Les acteurs et les outils de la domination
Les États riches tentent de redorer l’image de leur mondialisation à l’occasion de sommets comme ceux du G8/G20. La publicité donnée aux sommets des puissances vise à légitimer leurs actions et en faire oublier le caractère antidémocratique. Les chefs d’États élus sont mis en avant pour mieux masquer les forces et lobbies qui y agissent sans aucun contrôle citoyen. L’invitation de représentants des pays pauvres ou des ONG à ces rencontres rentre parfaitement dans ce processus de légitimation. Les institutions et organismes internationaux, qu’il s’agisse de l’ONU et de ses avatars, du FMI ou de la Banque mondiale, sont au service des pays dominants et des intérêts des multinationales.
Les accords qui ressortent de ces sommets se font toujours au détriment des populations les plus vulnérables. En matière de commerce, les décisions sont notoirement inéquitables : les pays du Sud doivent s’ouvrir totalement au commerce international tout en subissant le protectionnisme économique du Nord. Mais c'est surtout dans les pays en voie de développement que les institutions internationales interviennent afin de les rendre toujours plus dépendants.
** Les Programmes d’Ajustement Structurel (PAS) promus par le FMI en échange de l’échelonnement et des allègements de la dette en sont une illustration éclairante. Tenant les pays par la gorge avec le problème de la dette, le FMI, membre à part entière du G20, dicte aux pays la mise sur pied des PAS – rebaptisés par les mouvements populaires comme « Programmes d’Appauvrissement Systématique » puisqu’ils consistent en une série de mesures pour "enlever les obstacles au commerce" qui se traduisent concrètement par des coupures dans les programmes sociaux, la privatisation des services publics, des ressources naturelles et des entreprises nationales, ainsi que par la précarisation de la main d’œuvre.
** De plus, les Institutions Financières Internationales (IFIs) et les pays du G-8/G20 en poussant pour l'ouverture des marchés et la libéralisation de l'agriculture (par les traités de libre-échange entre autres), ont forcé le démantèlement des économies locales et nationales et de la souveraineté alimentaire, avec l'entrée en force de l'agro-industrie d'exportation.
Les dessous de la crise et de l’aide alimentaire ou quand la faim c’est payant !
Les politiques criminelles des IFIs ont fait sombrer dans la dépendance alimentaire les pays du Sud.
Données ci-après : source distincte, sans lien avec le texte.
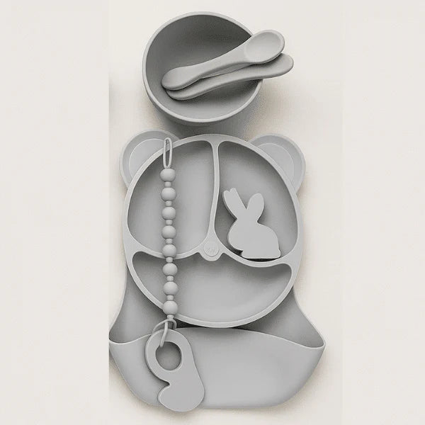 Set Includes: 1 divided plate with suction base, 1 bowl, 1 sippy cup with lid, 1 spoon, 1 teether, 1 bib, and matching accessories

Alors que dans les années 70, les pays du Sud avaient un excédent commercial en aliments de 1000 millions de $ annuels, après 30 ans de « Programmes d’Ajustement Structurel », de « programmes de développement agricole », de « Révolution verte » et de soi-disant programmes d’« aide-alimentaire », en 2001, les pays dits « en développement » ont enregistré un déficit commercial en aliments de 11 milliards de $... Ils sont donc passés d'exportateurs à importateurs de denrées alimentaires de base, augmentant ainsi leur situation de dépendance et de vulnérabilité envers le Nord.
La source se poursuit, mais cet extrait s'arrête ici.